ACTIVITY | Restate each line below word for word, skipping every picture.

RECORDS |
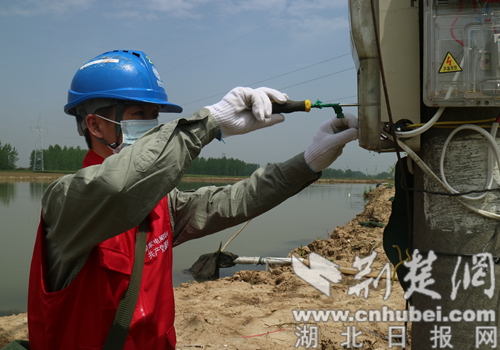 荆楚网(湖北日报网)讯(通讯员 张苹)眼下正值农业灌溉用电高峰期,在荆门市沙洋县沙洋镇友谊村六组田间,抽水机发出“隆隆”声响,一股股清澈水流沿着管道缓缓注入水田。田地一旁,县供电公司汉津供电所的党员志愿者正在为养殖户董长清检查临时电表。“现在用电主要是稻田、虾田的抽水排灌。特别是虾田,气温越高,对水更新速度要求就越高。需要多换水,龙虾生长肉质才会更好。”董长清笑着说。
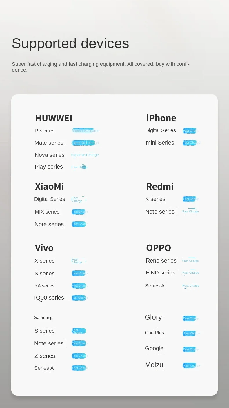 & bull; Support fast charging protocol like Samsung; PD and QC3.0. Suitable to phones:
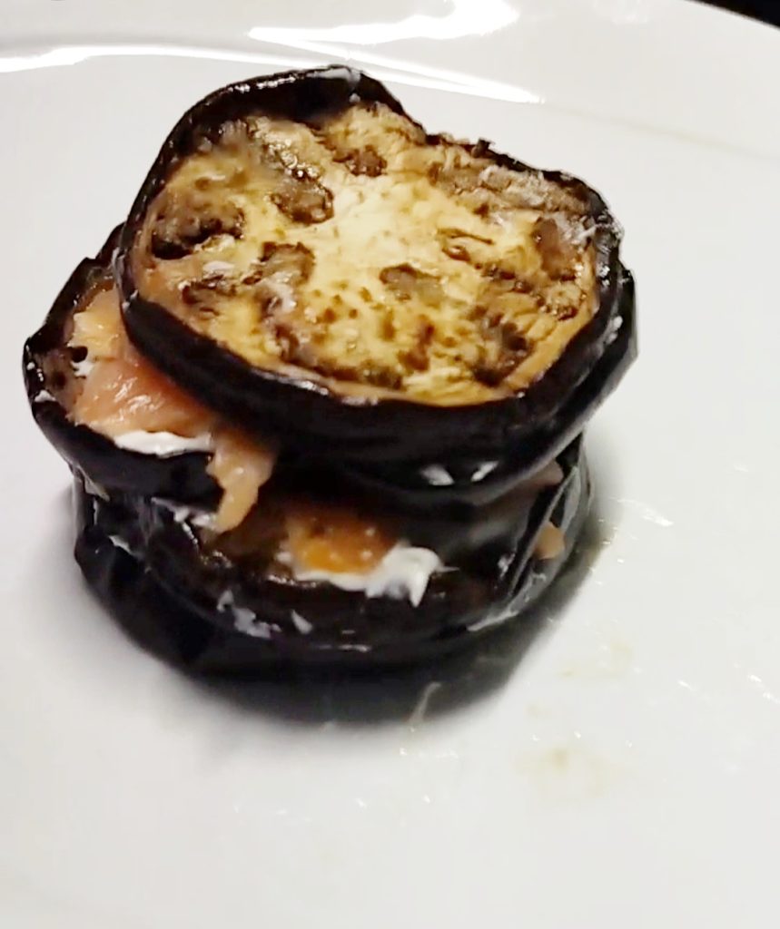 Do you like eggplants? This recipe will make you love them even more, a blend of flavors that will surprise you, simple to prepare and with very few ingredients. Eggplant Towers with cream cheese and smoked salmon for a special occasion or a gathering with friends.
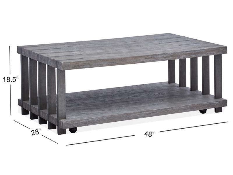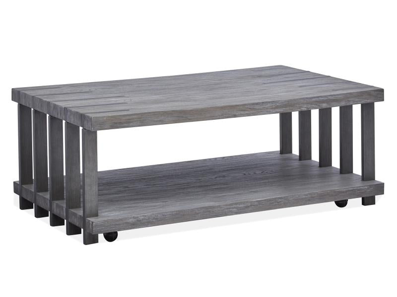 Eldridge - Rectangular Cocktail Table With Casters. Wood top. 1 fixed wood shelf at the bottom. Metal with hand painting legs. Levelers. Casters.
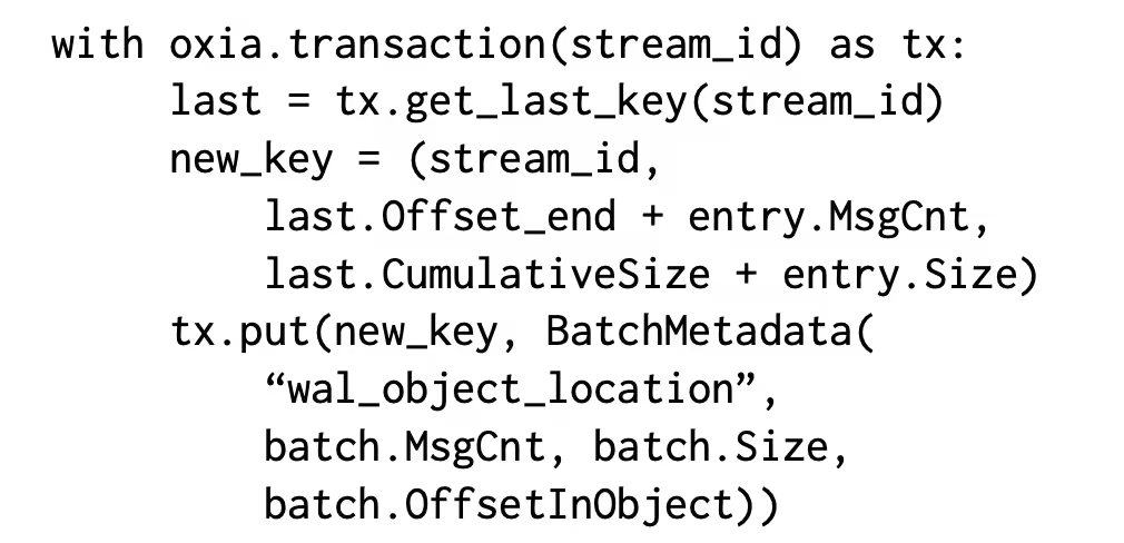 - Key:(StreamID, OffsetEnd, CumulativeSize)
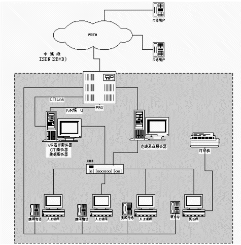 一臺(tái)Siemens Hipath交換機(jī):接入16條(2B+D)ISDN中繼線,設(shè)置人工座席分機(jī),為CTI、IVR語(yǔ)音服務(wù)器提供8路IVR端口。
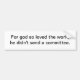 Bumper sticker with the statement "For god so loved the world he didn't send a committee."
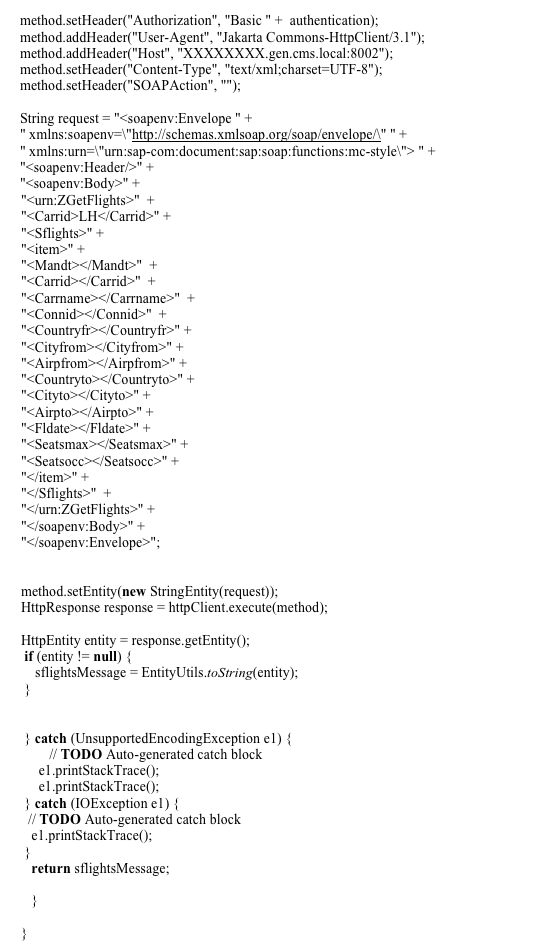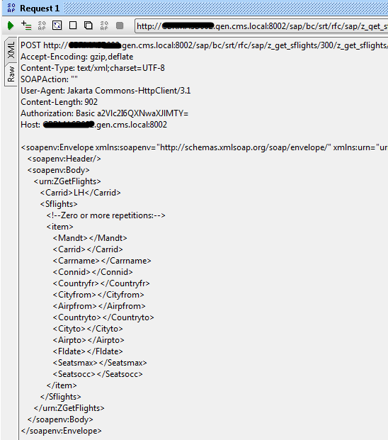 This is the important part. The HttpPost string is the one you see in the SOAPUI request 1 screen (Figure 38): POST https://xxxxxxxxx.gen.cms.local:8002/sap/bc/srt/rfc/sap/z_get_sflights/300/z_get_sflights/get_sflights"); String authentication = android.util.Base64.encodeToString(cred.getBytes(), android.util.Base64.NO_WRAP). .
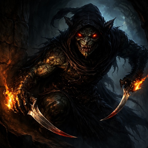 Half troll mixed with dragon blood sneaky assassin and has fire power
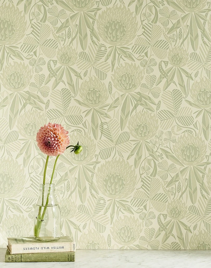'Clover' by Angie Lewin is a two color wallpaper, printed in the UK using water-based inks and paper from sustained forests.
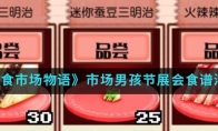在繁荣美食市场物语手游中市场男孩节展会食谱有哪些呢?游戏中有展会玩法,展会中有市场男孩节展,那么想知道市场男孩节展会食谱汇总的就跟随小编一起来看看吧。市场男孩节展会食谱汇总介绍:泡芙+双叶豆杯子蛋糕+南瓜蛋糕卷+肉干泡芙+番茄+牛油果杯子蛋糕+乌贼蛋糕卷+大蒜杯子蛋糕+章鱼蛋糕卷+鳕鱼子+辣椒泡芙+柚子+棉花糖蛋糕卷+柠檬+桃子杯子蛋糕+猪蹄+栗子泡芙+巧克力+冰泡芙+高级咖喱+高级芒果杯子蛋糕+高级海胆+高级甜瓜蛋糕卷+高级螃蟹+蘑菇法式烤鱼+双叶豆油炸食品+南瓜腌泡汁+番茄+牛油果油炸食品+乌贼+生姜法式烤鱼+辣椒+柠檬油炸食品+鳕鱼子+樱腌泡汁+柚子+桃子腌泡汁+茄子+白薯法式烤鱼+棉花糖法式烤鱼+猪蹄+蘑菇腌泡汁+巧克力+冰油炸食品+栗子腌泡汁+高级芒果+高级甜瓜法式烤鱼+虾+高级咖喱油炸食品+高级海胆
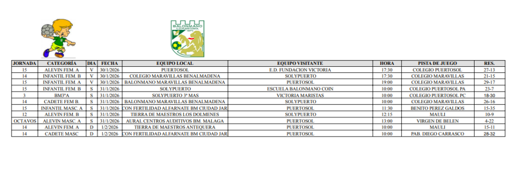 El gran titular de la jornada lo protagonizaron nuestros alevines, que fueron los primeros en inaugurar los cruces y lo hicieron de manera brillante, logrando una importante victoria frente a Balonmano Málaga. El equipo demostró carácter, intensidad y un alto nivel de juego, imponiéndose con solvencia en un encuentro muy completo. Este triunfo les permite encarar con ventaja el partido de vuelta, que se disputará en nuestro colegio, donde buscarán sellar el pase a cuartos.

SOLUTION TO THE EXERCISE |
 荆楚网(湖北日报网)讯(通讯员 张苹)眼下正值农业灌溉用电高峰期,在荆门市沙洋县沙洋镇友谊村六组田间,抽水机发出“隆隆”声响,一股股清澈水流沿着管道缓缓注入水田。田地一旁,县供电公司汉津供电所的党员志愿者正在为养殖户董长清检查临时电表。“现在用电主要是稻田、虾田的抽水排灌。特别是虾田,气温越高,对水更新速度要求就越高。需要多换水,龙虾生长肉质才会更好。”董长清笑着说。
 & bull; Support fast charging protocol like Samsung; PD and QC3.0. Suitable to phones:
 Do you like eggplants? This recipe will make you love them even more, a blend of flavors that will surprise you, simple to prepare and with very few ingredients. Eggplant Towers with cream cheese and smoked salmon for a special occasion or a gathering with friends.
 Eldridge - Rectangular Cocktail Table With Casters. Wood top. 1 fixed wood shelf at the bottom. Metal with hand painting legs. Levelers. Casters.
 - Key:(StreamID, OffsetEnd, CumulativeSize)
 一臺(tái)Siemens Hipath交換機(jī):接入16條(2B+D)ISDN中繼線,設(shè)置人工座席分機(jī),為CTI、IVR語(yǔ)音服務(wù)器提供8路IVR端口。
 Bumper sticker with the statement "For god so loved the world he didn't send a committee."
 This is the important part. The HttpPost string is the one you see in the SOAPUI request 1 screen (Figure 38): POST https://xxxxxxxxx.gen.cms.local:8002/sap/bc/srt/rfc/sap/z_get_sflights/300/z_get_sflights/get_sflights"); String authentication = android.util.Base64.encodeToString(cred.getBytes(), android.util.Base64.NO_WRAP). .
 Half troll mixed with dragon blood sneaky assassin and has fire power
'Clover' by Angie Lewin is a two color wallpaper, printed in the UK using water-based inks and paper from sustained forests.
在繁荣美食市场物语手游中市场男孩节展会食谱有哪些呢?游戏中有展会玩法,展会中有市场男孩节展,那么想知道市场男孩节展会食谱汇总的就跟随小编一起来看看吧。市场男孩节展会食谱汇总介绍:泡芙+双叶豆杯子蛋糕+南瓜蛋糕卷+肉干泡芙+番茄+牛油果杯子蛋糕+乌贼蛋糕卷+大蒜杯子蛋糕+章鱼蛋糕卷+鳕鱼子+辣椒泡芙+柚子+棉花糖蛋糕卷+柠檬+桃子杯子蛋糕+猪蹄+栗子泡芙+巧克力+冰泡芙+高级咖喱+高级芒果杯子蛋糕+高级海胆+高级甜瓜蛋糕卷+高级螃蟹+蘑菇法式烤鱼+双叶豆油炸食品+南瓜腌泡汁+番茄+牛油果油炸食品+乌贼+生姜法式烤鱼+辣椒+柠檬油炸食品+鳕鱼子+樱腌泡汁+柚子+桃子腌泡汁+茄子+白薯法式烤鱼+棉花糖法式烤鱼+猪蹄+蘑菇腌泡汁+巧克力+冰油炸食品+栗子腌泡汁+高级芒果+高级甜瓜法式烤鱼+虾+高级咖喱油炸食品+高级海胆
 El gran titular de la jornada lo protagonizaron nuestros alevines, que fueron los primeros en inaugurar los cruces y lo hicieron de manera brillante, logrando una importante victoria frente a Balonmano Málaga. El equipo demostró carácter, intensidad y un alto nivel de juego, imponiéndose con solvencia en un encuentro muy completo. Este triunfo les permite encarar con ventaja el partido de vuelta, que se disputará en nuestro colegio, donde buscarán sellar el pase a cuartos.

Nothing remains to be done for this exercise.